Hello,
I am trying to understand how the frame pointer works because I want to unwind the stack in a HardFault handler..
I am looking at a dissassembly that runs perfectly for an Atmel ATSAMV71Q21 Cortex M7. It was compiled with GCC in the AtmelStudio 7 IDE. To get the frame pointer, I compiled with -fno-omit-frame-pointer -mtpcs-frame -mtpcs-leaf-frame. It looks like that GCC used register r7 for the frame poitner thumb2 mode.
The function prologue has a push, a sub and an add. I like to confirm if the Cortex M7 superscalar 6 stage pipeline waits because of the dependency on SP at instruction at code address 0x00401dce from the push at 0x00401dcc?
Why doesn't the frame pointer point to something more predictable like the previously pushed r7 frame pointer or the previous SP value before entering the function?
int I2cHW::endTransmission(){ 401dcc: b5b0 push {r4, r5, r7, lr} /* SAVE REGISTERS. The stack moves down by 4*8 = 32 bytes. The frame is pointer is r7, the link register is LR*/ 401dce: b086 sub sp, #24 /*allocate 24 bytes on stack. Lower stack pointer by 24 bytes.*/ 401dd0: af04 add r7, sp, #16 /* frame pointer = stack pointer + 16. Why???*/ .... BODY REMOVED .... if (isAckValid){ 401edc: 7a63 ldrb r3, [r4, #9] 401ede: b11b cbz r3, 401ee8 <_ZN5I2cHW15endTransmissionEv+0x11c> return 0; 401ee0: 2000 movs r0, #0 }else{ return 1; } } 401ee2: 3708 adds r7, #8 /* move frame pointer by 8*/ 401ee4: 46bd mov sp, r7 /* stack poitner = frame pointer*/ 401ee6: bdb0 pop {r4, r5, r7, pc} /* restore registers. move stack up by 4*8= 32 bytes*/ return 1; 401ee8: 2001 movs r0, #1 401eea: e7fa b.n 401ee2 <_ZN5I2cHW15endTransmissionEv+0x116> 401eec: 2044f31c .word 0x2044f31c 401ef0: 00451e94 .word 0x00451e94 401ef4: 00451de4 .word 0x00451de4 401ef8: 00451fac .word 0x00451fac 401efc: 00451e5c .word 0x00451e5c 401f00: 0044e5ed .word 0x0044e5ed 401f04: 00447a71 .word 0x00447a71 401f08: 00440f71 .word 0x00440f71 401f0c: 00451f24 .word 0x00451f24 401f10: 00451fc4 .word 0x00451fc4 401f14: 00405421 .word 0x00405421 401f18: 00452004 .word 0x00452004 401f1c: 00451fec .word 0x00451fec
When you say "unwind the stack in a HF handler", is this in order to infer just the function call stack leading to the fault, or do you want more than that, i.e. values of all local variables in all stack frames leading to the faullt?

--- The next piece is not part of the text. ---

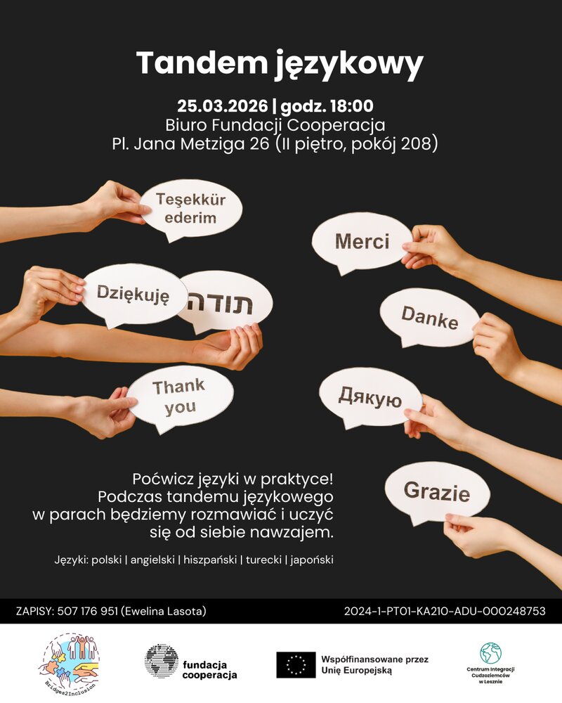 Zapraszamy na spotkanie tandemu językowego, które odbędzie się 25 marca 2026 r. o godz. 18:00 w Biurze Fundacji Cooperacja (Pl. Jana Metziga 26, II piętro, pokój 208).

If the former, I have done something similar. I extract the stack in use, from the LR register. I then search in memory from that stack top to some upper stack address, perhaps top of ram. I skip the first 32 bytes since those were stacked by the fault handler entry itself (I'm working on Cortex M3). I then just compare each 32 bit word I see against what COULD be pushed LR values. Such a value must be between known bounds on .text section start and end, and must have bit 0 set (i.e.is an odd value). I stop at some count of matches, say 8, since 8 is quite a deep call stack, assuming no recursion. Yes, I may get some false positives, but those are easily weeded out once I consult the .map file for the running binary.
I have some code I can share if that helps.
Thanks for your response.
> When you say "unwind the stack in a HF handler", is this in order to infer just the function call stack leading to the fault,
That would be the most useful starting point. In nested function calls, like the example foo() calls bar() that calls scaleArray() and there's a fault in scaleArray(), I would like the handler to report at least that scaleArray() caused the fault and track back to bar(). The function bar() could have passed bad parameters. Other functions could have called scaleArray() without putting bad parameters. The real bug is in bar().
>I have some code I can share if that helps.
Your method sounds interesting. It is making me think about ideas. Could you share the code please? I understand most of what you are saying. I need a little help with just this part:
>I extract the stack in use, from the LR register.
I give you the code I came up with so far. In a larger program with interrupts, my HardFault_c doesn't give the right location. At times, it is the instruction right after caller of the caller of function that crashed, others it is the function that crashed.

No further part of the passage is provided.